И пока за туманамиВидеть мог паренек, —
мамин серебряный фальцет спускается до отцовского густого тенора, и голоса сливаются в одно, так что начинает щемить сердце:
На окошке на девичьемВсе горел огонек.
Наверное, все-таки День Победы. Иначе почему эти песни?! В доме у нас обычно поют «Мой костер», «Златые горы», «Ямщика», «Кирпичики», «Поедем, красотка, кататься». И потому День Победы, что помнится в тот день спор отца с одноногим дядей Ваней Калистратовым, еще молодым и красивым смуглой, цыганской красотой мужиком, которого отец сильно уважает.
— Ты не обижайся, Иван. Я не в обиду. Ну как там ни крути, были вы, мальчишки, героическими дураками на войне. Ей-богу. Как вспомню, сколько вас там полегло, как вспомню… И всё даром.
— Не-е… Мы за Родину! За Сталина! — Дядя Ваня совсем уже тепленький, косоватый, черный чуб упал на глаза.
— Да я не о том, Иван. — Отец выпивший, но не веселый, подбородком на сведенные меха любимой своей трехрядки. — Не о том я… Вот помню: дождь, грязища непролазная, и один, — губы посинели, шея гусиная, — завяз, и сил нет сапоги вытащить. Дергает их из грязи и плачет, поверишь, прямо слезами. Винтовка, родная наша, образца 91-го года, выше его. Тяжелая, он ее-то едва волокет, а тут сапоги… А потом, после уже, угодили мы под танки, он: «Ура!», в рост и на танк с той самой винтовкой. С одной винтовкой, Иван… Ну, его… и березку, рядом там стояла… Только месиво за гусеницами. Вот зачем это все? Эх…
Дядя Ваня пьяно качает указательным пальцем:
— Во! В самую точку — «зачем?». Он себя героем оказал — и все тут.

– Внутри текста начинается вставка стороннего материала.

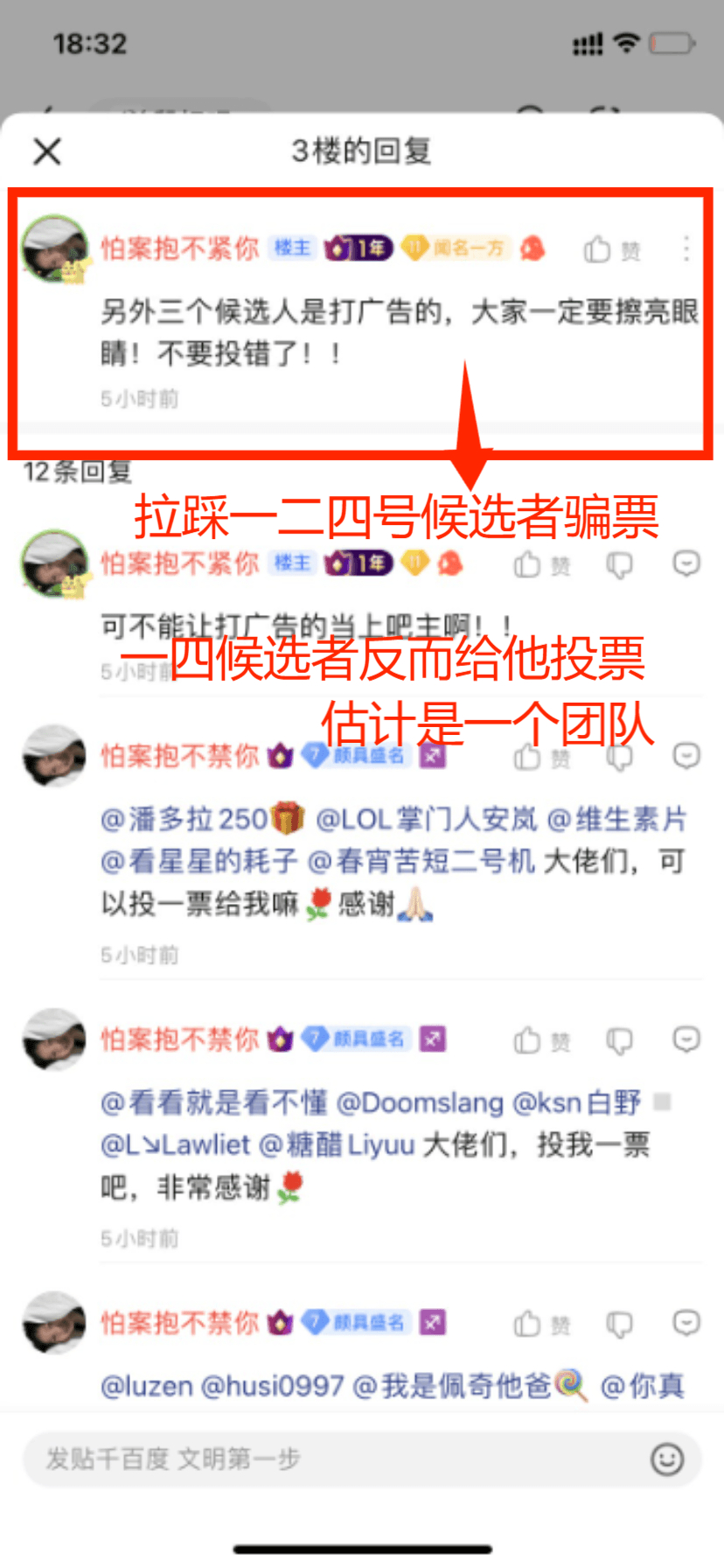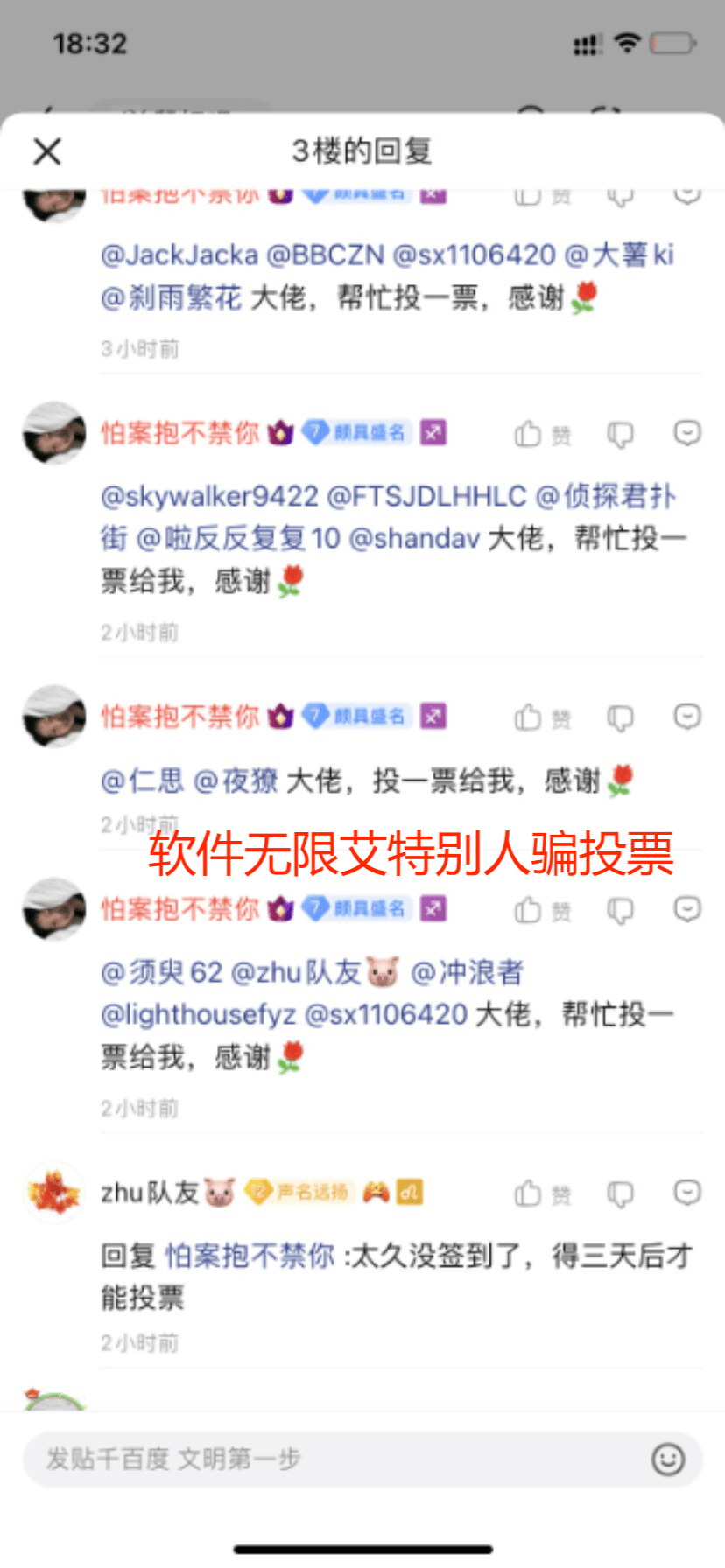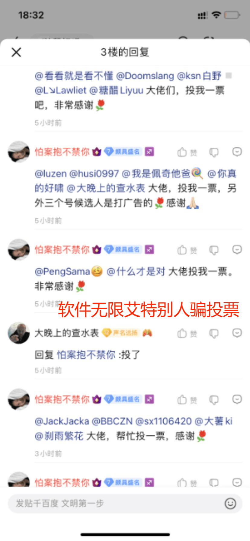 1楼pid:1529764422862025/12/14 15:58:42外设推荐 楼主 9级 鼠标吧吧主选举作弊,134号候选者是一个团队,3号骂别人都是广告,14号反而投票给他,经过深扒,是一个占吧发广告的团队,证据如下图

Мне не хочется их слушать, но я не могу себя заставить оторваться, как на уроке географии, когда наш контуженный учитель по прозвищу Сей Иваныч, закатив глаза и брызжа слюной, начинает бормотать про окопы после бомбежки, где он подобрал три руки, оторванных по локоть.
— Да-а… — тянет отец. — Только б я таких героев и близко к переднему краю не подпускал. — Он ненадолго замолкает, и зрачки у него расширяются, словно от боли. — А кто не погиб?.. В семнадцать-то лет научившись убивать… Это ж еще хуже. Помнишь, Иван, какой у нас после войны бандитизм открылся? Думаешь — просто так? Те же пацаны, каким война душу поломала…
Мне почему-то делается холодно в жаркой избе. Я знаю, о чем говорит отец. Иногда мне даже кажется, что я помню черное, ночное окно на улицу, два хмурых лица за ним, одно — моего сводного брата. Но это лишь кажется, я ничего не могу помнить, мне было тогда полтора года. И окно, и разговор через форточку — из рассказов матери.
— Папа, пусти нас.
— Иди к воротам, но только один и без вещей.
— Нет, папа, так не пойду.
— Иди, Володька. Опомнись. И узлы брось. С награбленным не пущу, ты меня знаешь. Ну, что тебе это барахло и этот бандит?! Не позорься и меня не позорь.
— Не пускаешь, значит? Ладно, папа, я уйду. Не пожалей, смотри.
— Если уйдешь, запомни: отца у тебя больше нет!
Я всю жизнь возвращаюсь к этой истории. Прав был отец или не прав? Жесток или не жесток? И не могу решить. Но всю жизнь я боюсь сделать что-нибудь недостойное и услышать: «Запомни, отца у тебя больше нет». Отца давным-давно нет в живых, никто не может сказать мне тех беспощадных слов, а я все равно боюсь, может быть, того, что однажды скажу их сама себе.
Отец не умел прощать. Вернее, были вещи, которые отец, по натуре незлопамятный и добрый, прощать не мог, никому. И случись ему самому оступиться, предать или сделать подлость, он бы, не дрогнув, рассчитался с собой. Но не случилось. Потому, наверное, и не случилось.